A dor continuava sem dar tréguas, Luzia contemplava a mulher parada diante das crianças, conhecia-a de algum lugar, de onde? Aquele barraco, seus irmãos:

- Josi! Josi! Eu estou aqui, minha cabeça dói. Me ajude! Ergueu-se para caminhar em direção à irmã, titubeou, a dor dificultava a caminhada. Se Josi estava ali, deveria ser o velório de algum conhecido, o menino a acompanhava fixamente, de onde conhecia aquele olhar? Quem estava naquele caixão branco, aproximou-se, olhou em direção ao caixão. Seria um espelho? Enxergava seu rosto ali, como era possível estar dentro daquela urna se estava viva assistindo a tudo? 

- Josi, o que está havendo? Estou aqui, quem é essa mulher parecida comigo neste caixão? O que significa isso?

Mas a irmã não lhe respondia, não ouvia? Estaria sem voz? Aquele homem, de onde o conhecia? Aquela menina? A dor! Não conseguia pensar, era incessante e a fazia querer voltar à escuridão inicial, onde sem consciência a dor não existia. Pôs as mãos sobre o caixão fechado, olhou fixamente para o rosto da mulher embaixo daquela espécie de janela de vidro. Morrera? Morrera! Efetuara o plano, os olhos, Paulo! Entendera tudo, Mas como era possível? Não parava de perguntar a si mesma, como era possível? Quatro homens se aproximaram, pararam ao seu lado e suspenderam o caixão. Francisco com Sabrina no colo pegou a mãozinha de Paulo que voltou sua atenção ao pai, levantou-se, Josi se pôs ao seu lado. Agora reconhecia aquelas pessoas, seus amigos! Seus familiares! Seu velório! Começaram a andar e a levar o caixão de onde se encontravam. Como poderia estar dentro do caixão se estava em pé observando toda a cena? Prosseguiam e a dor tornava-se insuportável.

- Não! Eu estou aqui! Sabrina, Paulo, Francisco não deixem que me levem, eu estou aqui. Pode-se mudar a própria história! Posso mudar a minha história.

Compreendera tarde demais o pensamento que sempre a perseguira, mas que as marcas de sua dura infância e de pobreza extrema, tiranas, não permitiram que desse ouvido. Todos se direcionavam para fora do salão. Agora conseguia ver os arranjos de flores e sentia o cheiro forte que emanavam.
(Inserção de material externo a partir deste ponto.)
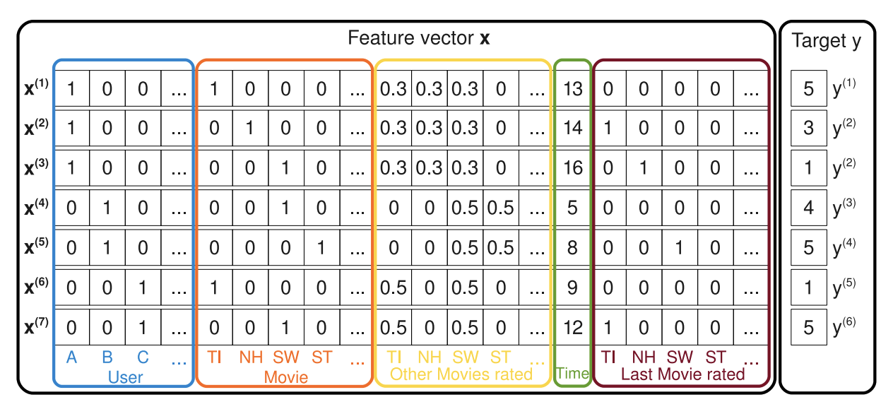 심지어 이전 구매 품목을 기반으로해서 사용자에게 product rank를 추천해주는 Factorized Personalized Markov Chain(FPMC) 또한 FM이 모방할 수 있음을 보인다.
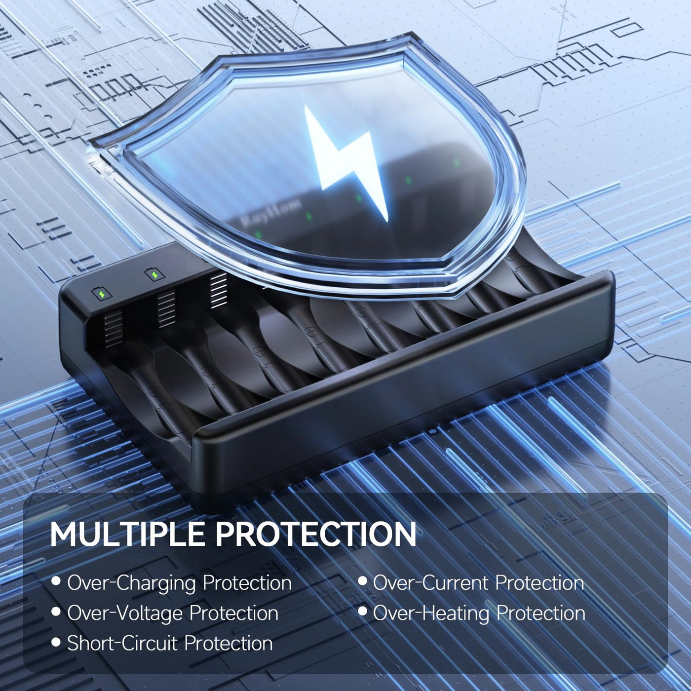 ?2 Pack Chargers?You Get Two 8-Bay Aa Aaa Chargers In One Purchase. Sharing A Charger With Your Friend Is An Encouraging Behavior, Or You Can Simultaneously Charge 16 Batteries For Family Home Use. ?Hybrid Charging Mode?Rayhom Universal Battery Charger Supports Hybrid Charging And Supports 8 Pcs Aa/Aaa Rechargeable Batteries Charging At The Same Time, Saving A Lot Of Charging Time For You. ?Smart Led Display?Clear Led Indicator Light, Red Indicates Charging, Green Indicates Fully Charged, And Flashing Alternating Red-Green Indicates Incorrect Or Faulty Batteries. ?Type-C Charging Port?Type C Port Is Suitable For All Kinds Of Interface Input, Such As Pc/Plug/Power Bank/Car Charger, Charging Anytime And Anywhere. Good Compatibility Enables Various Power Adapters, 1.0A/2.0A/3.0A Adapters Can Be Used As You Please. ?Safety Protection?Controlled By Mcu And Multiple Protection, Overcharging, Overcurrent, Overvoltage, Overheating, Short Circuit Protection. Constant Current Charging Protects The Batteries From Current Fluctuations.
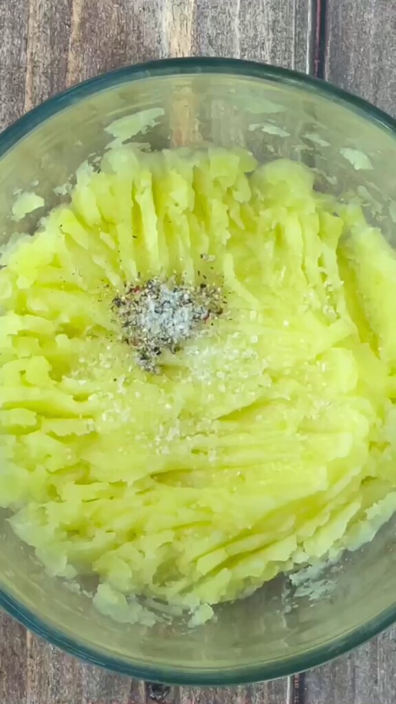 Deixe esfriar um pouco e reduza a purê usando um espremedor de batatas.Tempere as batatas amassadas com sal e pimenta-do-reino.
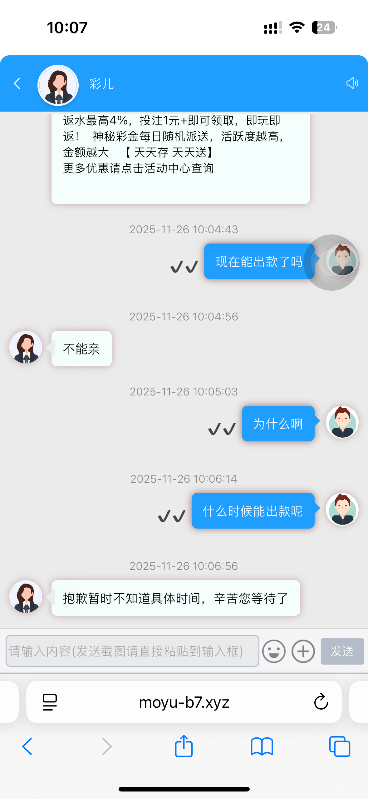 【高兴娱乐】有人出过款吗?我上100下900出了一天没到账
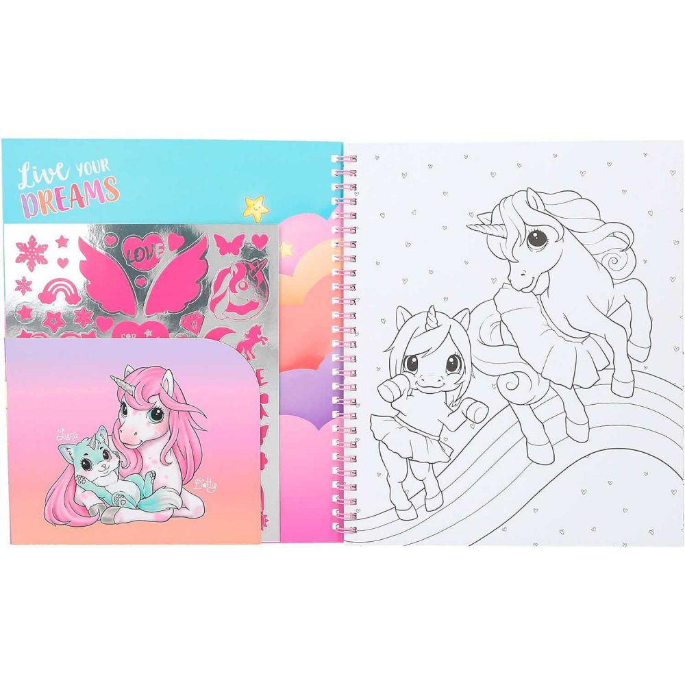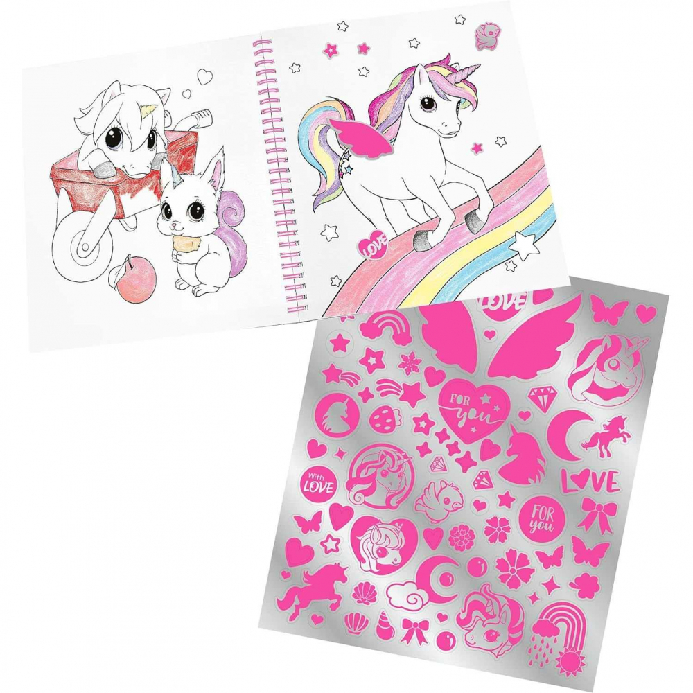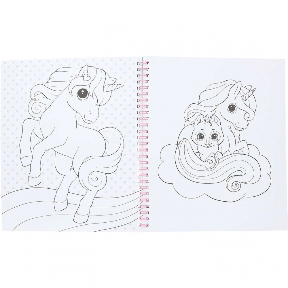 Cu cartea de colorat TOPModel, fetele pot proiecta motive dragute cu unicorni si pot lasa imaginatia sa zboare.
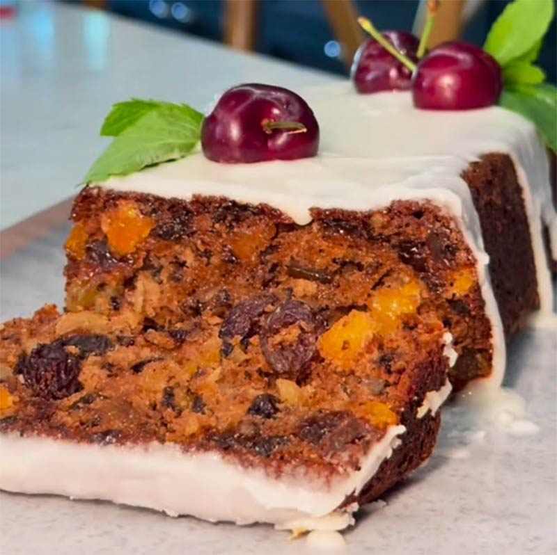 🔹 Misturar com uma colher os ingredientes da cobertura e cobrir o bolo frio, deixando cair um pouco nas laterais. Decorar com frutas secas ou com cerejas frescas.

Distanciavam-se, enquanto continuava ali, sem forças. 

- Eu fiz! Eu fiz! Escrevi o bilhete! Como cheguei até aqui? Que dor! Que dor! 
Era a dor do tiro, entendera finalmente! Insana, intensificava-se, a escuridão retornava lentamente e aquelas pessoas que tanto estimava, aos poucos voltavam a se transformar em vultos. O que fizera? As perdera? 

- Não, não posso perdê-las, prefiro a escuridão, prefiro a inconsciência!
Caiu, sem forças e cedeu à insuportável dor. Paulo já não mais a observava. Perdia de vista as pessoas que amava e seu coração palpitava ainda mais acelerado que a primeira vez. Consciente sucumbiu e entregou-se à escuridão.